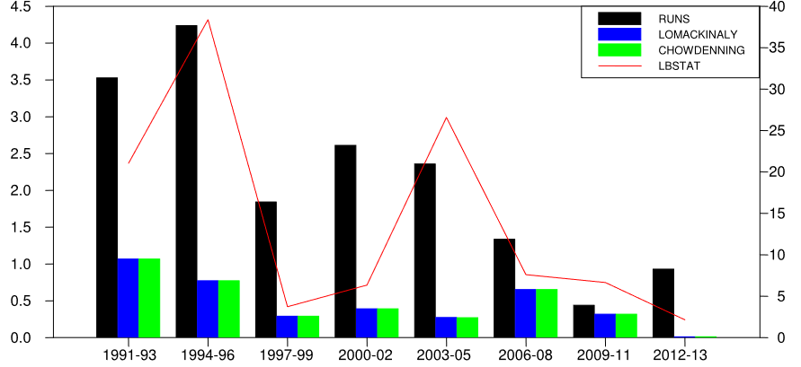 선형성에 대한 테스트를 확인해 보면 선형적 종속성에 대한 설명을 할수 있다. 아래 그림은 테스트 결과를 보여준다. LB테스트 통계(붉은 실선)은 1994–1996 and 2003–2005에 가장 높아졌다가 내려간다. Run TEst도 유사하다. 한편 Lo-MacKinlay and Chow-Denning statistics은 1994–1996, 1997–1999.에 크기가 크다. 즉 선형성으로 미래 기간을 예상하는데 선형성은 크게 의미가 없다. 특히 2008년 서브프라임 사태와 같은 외부적 충격을 전혀 반영되면 선형성은 전혀 작용하지 않는다.
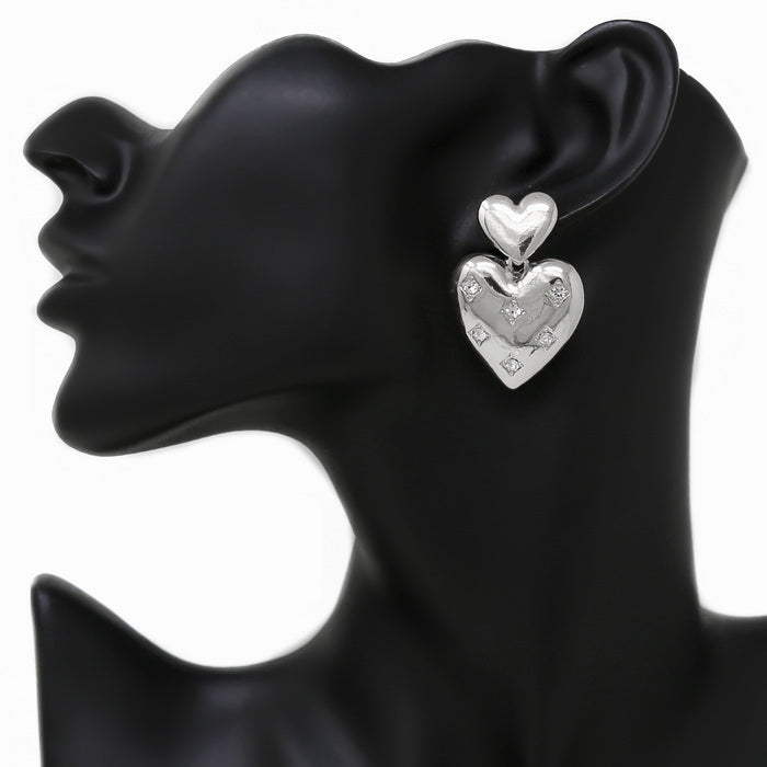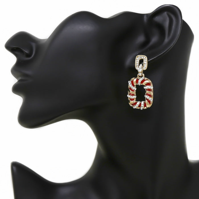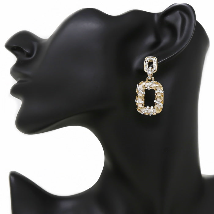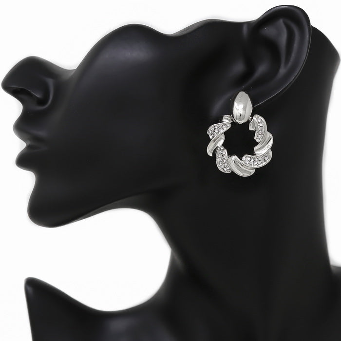 Glass Stone Pave Twisted Metal Hoop Drop Earrings
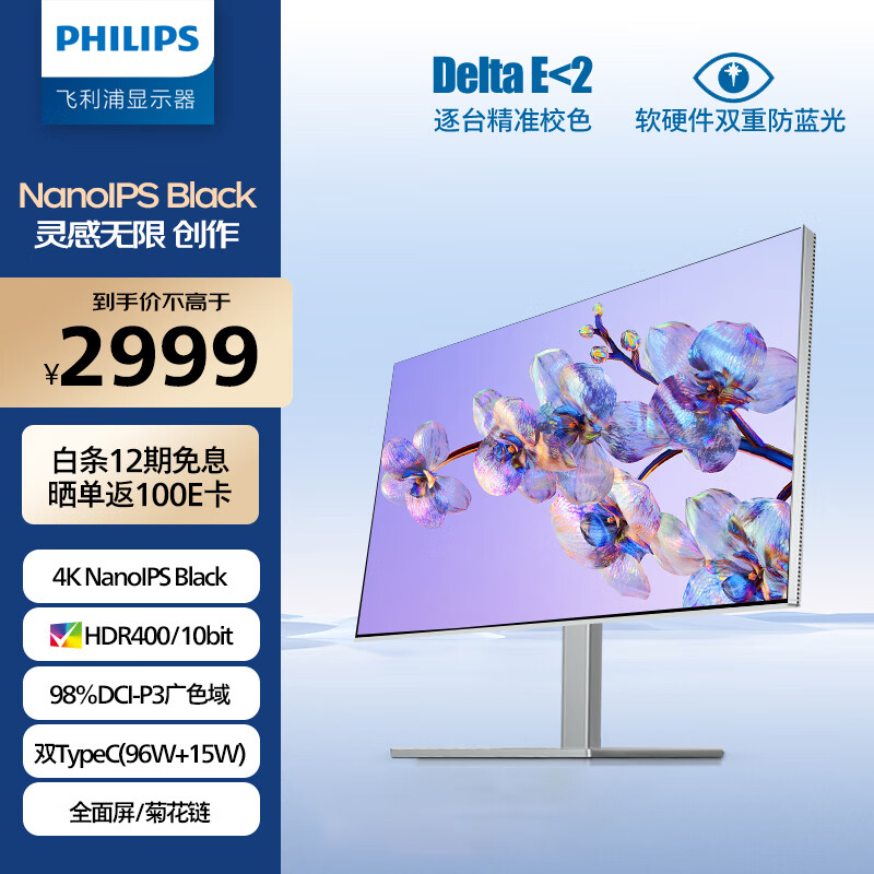 飞利浦 27英寸4K NanoIPS-Black 屏 硬件滤蓝光 TypeC96W 10bit出厂校准HDR400 办公显示器27E2F7901价格:2999.00元!
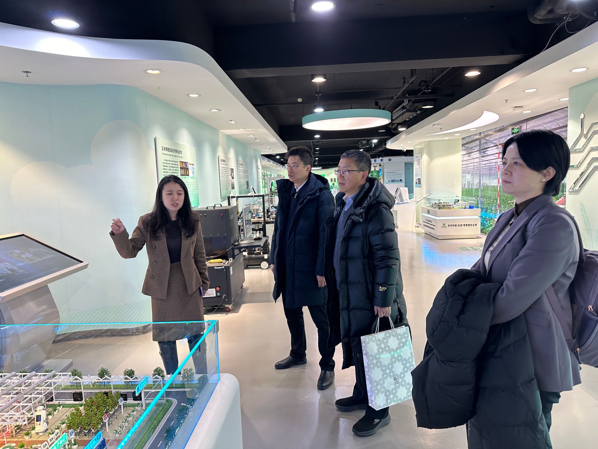 1月28日,向异之、李国亮、杨毅、李嘉位一行赴国家农业信息化工程技术研究中心、国家农业智能装备工程技术研究中心交流访问。中心首席科学家赵春江院士、装备中心副主任张钟莉莉、信息中心孙传恒、吴升、张晗、万钰等热情接待了来访团队,共同参观了中心成果展厅。

WHAT THE EXERCISE ASKS:
All lines of the material above should be returned unchanged, but no pictures should be included.

EXERCISE SOLUTION:
 선형성에 대한 테스트를 확인해 보면 선형적 종속성에 대한 설명을 할수 있다. 아래 그림은 테스트 결과를 보여준다. LB테스트 통계(붉은 실선)은 1994–1996 and 2003–2005에 가장 높아졌다가 내려간다. Run TEst도 유사하다. 한편 Lo-MacKinlay and Chow-Denning statistics은 1994–1996, 1997–1999.에 크기가 크다. 즉 선형성으로 미래 기간을 예상하는데 선형성은 크게 의미가 없다. 특히 2008년 서브프라임 사태와 같은 외부적 충격을 전혀 반영되면 선형성은 전혀 작용하지 않는다.
 Glass Stone Pave Twisted Metal Hoop Drop Earrings
 飞利浦 27英寸4K NanoIPS-Black 屏 硬件滤蓝光 TypeC96W 10bit出厂校准HDR400 办公显示器27E2F7901价格:2999.00元!
 1月28日,向异之、李国亮、杨毅、李嘉位一行赴国家农业信息化工程技术研究中心、国家农业智能装备工程技术研究中心交流访问。中心首席科学家赵春江院士、装备中心副主任张钟莉莉、信息中心孙传恒、吴升、张晗、万钰等热情接待了来访团队,共同参观了中心成果展厅。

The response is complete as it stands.